Aliás, tornou-se clássico o episódio – não se sabe se real, se lendário – do jornalista Davi Nasser, um dos mais famosos do país à sua época, com o dono dos Diários Associados, o genial mas controvertido Assis Chateaubriand. Este censurou um artigo de seu principal jornalista, que reclamou, protestou, indignou-se. O velho Chatô deu-lhe apenas um conselho: “No dia em que você quiser escrever o que bem entende, tenha o seu próprio jornal.” Na realidade, o que Chateaubriand quis dizer é que a imprensa, no mais fundo de si mesma, nada mais é do que “a voz do dono”. Ela reflete o pensamento, a ideologia, as tendências, as preferências de seus proprietários. E o mesmo acontece quando o dono é o Estado. Ora, nenhum proprietário de jornal irá permitir que seu veículo transmita informações que contrariem os seus interesses e sua ideologia. Nenhum Estado totalitário permite que, sob controle, a imprensa se manifeste em oposição. Portanto, quando há interesses em jogo, a imprensa livre é simples falácia.

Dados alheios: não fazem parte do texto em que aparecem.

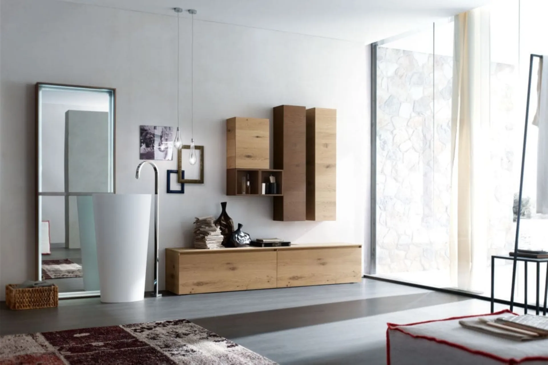 Mobili bagno a terra in legno della marca Arcom: clicca e scopri l'arredo bagno moderno La Fenice 01 per la stanza del benessere.
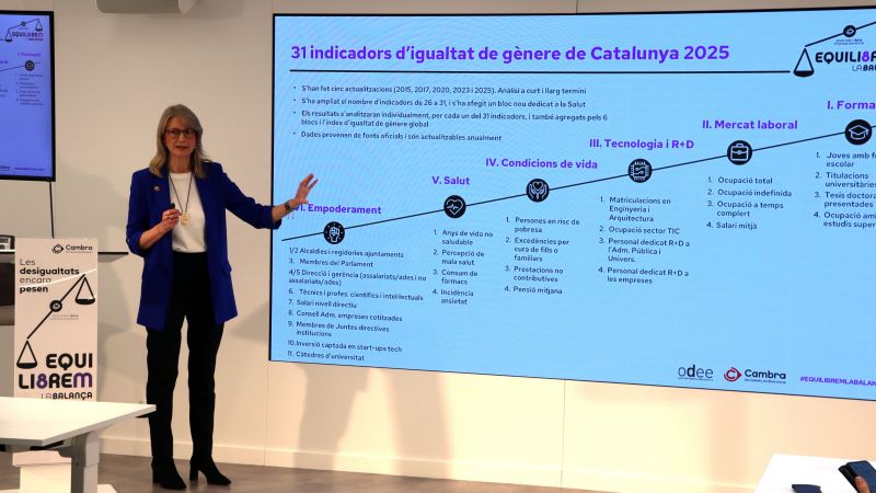 L'informe presentat per l'Observatori, Dona, Empresa i Economia (ODEE) de la Cambra de Comerç de Barcelona mostra com les desigualtats de gènere es mantenen "igual d'elevades" en el sector de les TIC i de la Salut, i que s'avança lentament en el mercat laboral. L'estudi Indicadors d'igualtat de gènere de Catalunya 2025 s'ha presentat aquest divendres, dies abans del 8M, per destacar que la igualtat avança a "diferents velocitats" i la bretxa salarial continua sent "important", encara que les dones tenen un nivell formatiu "superior". Carme Poveda, directora de l'observatori, ha destacat que els resultats permeten tenir una "visió de llarg termini de l'evolució" i que demostren que el sostre de vidre "es desplaça cap amunt, però no es trenca".

Há muitos e muitos anos, defendo a teoria de que, por ser tão importante o papel da imprensa, as comunidades é que deveriam ser proprietárias dos veículos de comunicação, elegendo, em votação direta, seus diretores. No mundo inteiro, são famílias, sim, as grandes proprietárias dos veículos, sendo preocupantes os tentáculos que o mega-empresário Murdoch estende por todos os países, em todas as formas modernas de comunicação. No entanto, há movimentos paralelos: jornais de bairro, rádios comunitárias, tevês das pequenas cidades. Os chamados “provincials papers” – pequeninos jornais de comunidades – é que irão influenciar os habitantes das cidades. E, agora, o milagre da internet, onde pessoas ou grupos de pessoas podem enfrentar monopólios e oligopólios de informação.

Esses atritos entre a grande imprensa e o presidente Lula ocultam interesses maiores. Mas não têm qualquer importância. O grande juiz da imprensa, o grande julgador é o leitor, são os telespectadores. Com o amadurecimento social, leitores, ouvintes e telespectadores saberão discernir a boa da má liberdade, a honestidade da informação da simples manipulação. E, então, usarão da maior arma que possuem: trocar de canal de tevê, deixar de assinar o jornal ou a revista. O que, no fim, sempre prevalece é a credibilidade do jornalista e do veículo. Nestas eleições, há, sim, indícios claros de manipulação. Mas nem eles podem arranhar o direito de a imprensa circular livremente, até que o próprio povo a julgue. Mas que a liberdade de expressão é relativa, isso é. Bom dia.